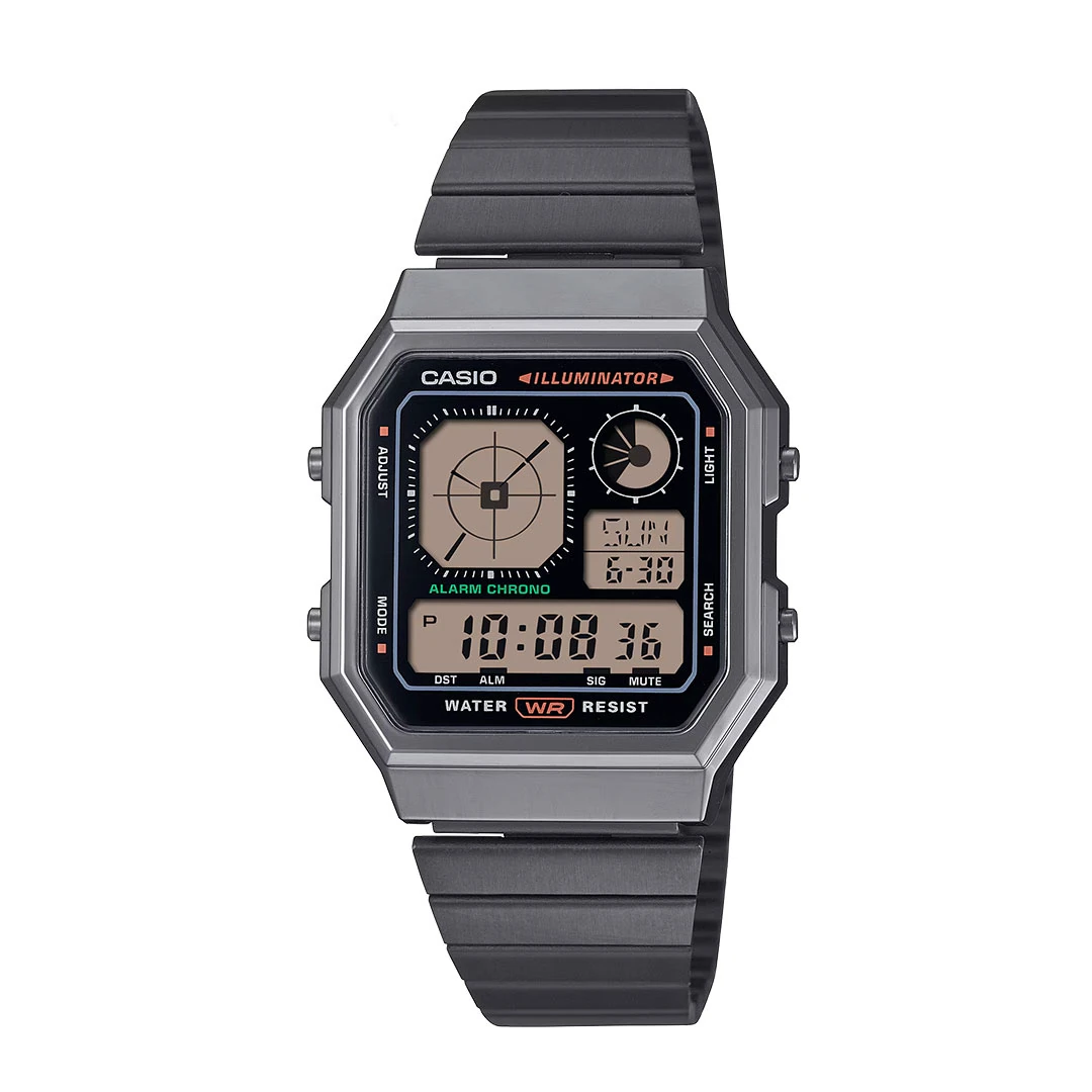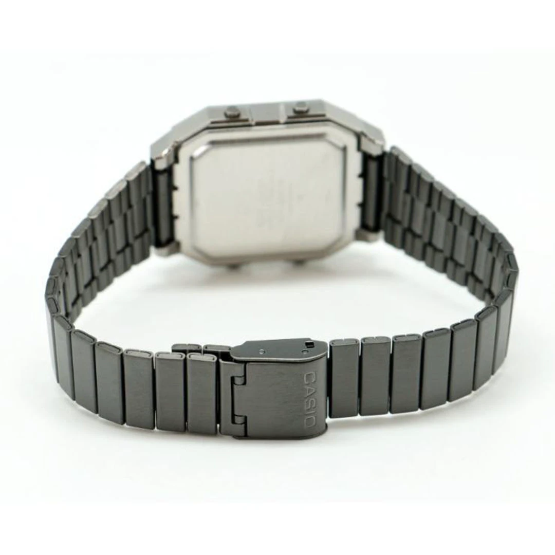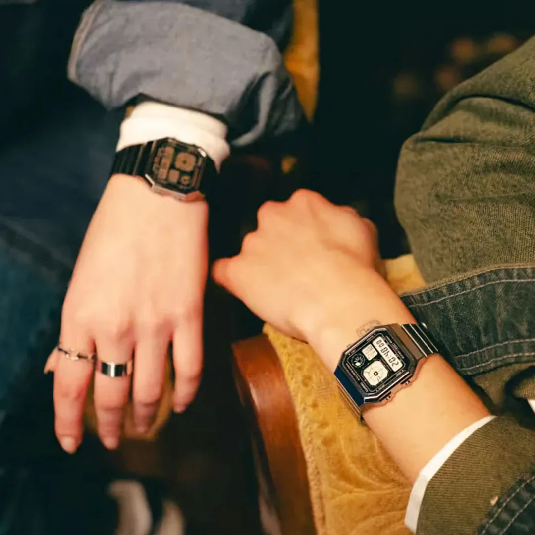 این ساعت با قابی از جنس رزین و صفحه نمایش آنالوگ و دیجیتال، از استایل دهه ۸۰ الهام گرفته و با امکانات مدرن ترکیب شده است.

◇ ◇ ◇

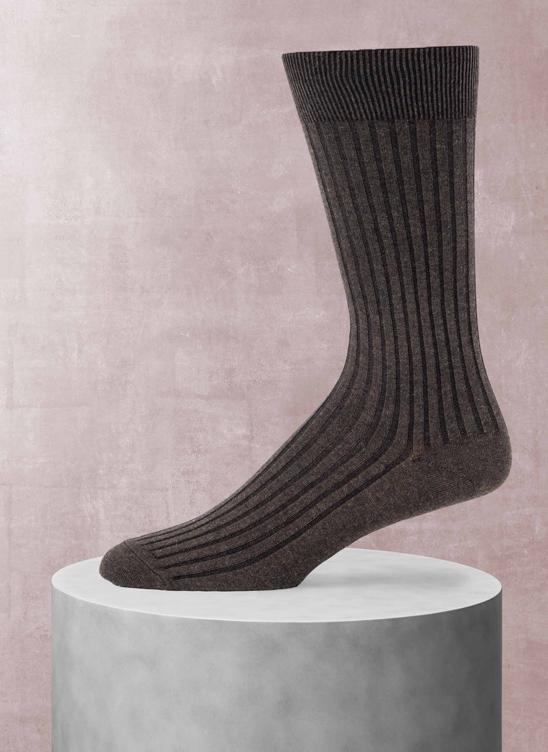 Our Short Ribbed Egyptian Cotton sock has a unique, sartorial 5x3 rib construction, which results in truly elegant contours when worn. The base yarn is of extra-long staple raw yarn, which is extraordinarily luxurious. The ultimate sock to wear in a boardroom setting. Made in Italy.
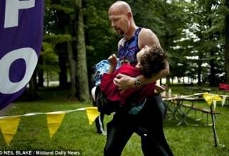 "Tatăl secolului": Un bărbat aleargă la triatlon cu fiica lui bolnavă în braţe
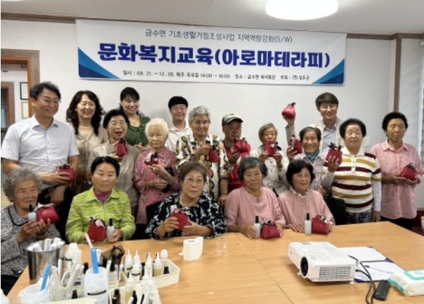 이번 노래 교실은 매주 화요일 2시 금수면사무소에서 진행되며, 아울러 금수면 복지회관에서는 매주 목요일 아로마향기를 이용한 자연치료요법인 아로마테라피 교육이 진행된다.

◇ ◇ ◇

▶ [YOUR TASK]:
Starting at the line containing "bolnavă în braţe" and stopping at the line containing "이번 노래 교실은 매주", output every line above exactly, both ends included, with pictures omitted.

▶ [EXERCISE RESPONSE]:
 "Tatăl secolului": Un bărbat aleargă la triatlon cu fiica lui bolnavă în braţe
 이번 노래 교실은 매주 화요일 2시 금수면사무소에서 진행되며, 아울러 금수면 복지회관에서는 매주 목요일 아로마향기를 이용한 자연치료요법인 아로마테라피 교육이 진행된다.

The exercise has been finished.